Within the listing below, the lines to output run from the one containing "BLUSA MARTINA PRINT PEZ NARANJA-MAGENTA" through the one containing "Lille samling div."; copy them exactly and nothing else.
━━━ Available records ━━━
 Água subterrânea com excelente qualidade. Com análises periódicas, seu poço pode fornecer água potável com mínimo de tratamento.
━━━
━━━ Available records ━━━
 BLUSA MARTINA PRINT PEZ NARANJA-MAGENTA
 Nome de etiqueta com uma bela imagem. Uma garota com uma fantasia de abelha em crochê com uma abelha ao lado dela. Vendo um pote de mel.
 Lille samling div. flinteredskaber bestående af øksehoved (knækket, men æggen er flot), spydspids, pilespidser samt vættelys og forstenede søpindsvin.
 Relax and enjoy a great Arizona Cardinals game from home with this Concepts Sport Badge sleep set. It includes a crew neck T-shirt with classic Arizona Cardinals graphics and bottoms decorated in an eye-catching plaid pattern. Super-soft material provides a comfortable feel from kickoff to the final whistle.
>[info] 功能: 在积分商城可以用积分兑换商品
━━━
= Answer below =
 BLUSA MARTINA PRINT PEZ NARANJA-MAGENTA
 Nome de etiqueta com uma bela imagem. Uma garota com uma fantasia de abelha em crochê com uma abelha ao lado dela. Vendo um pote de mel.
 Lille samling div. flinteredskaber bestående af øksehoved (knækket, men æggen er flot), spydspids, pilespidser samt vættelys og forstenede søpindsvin.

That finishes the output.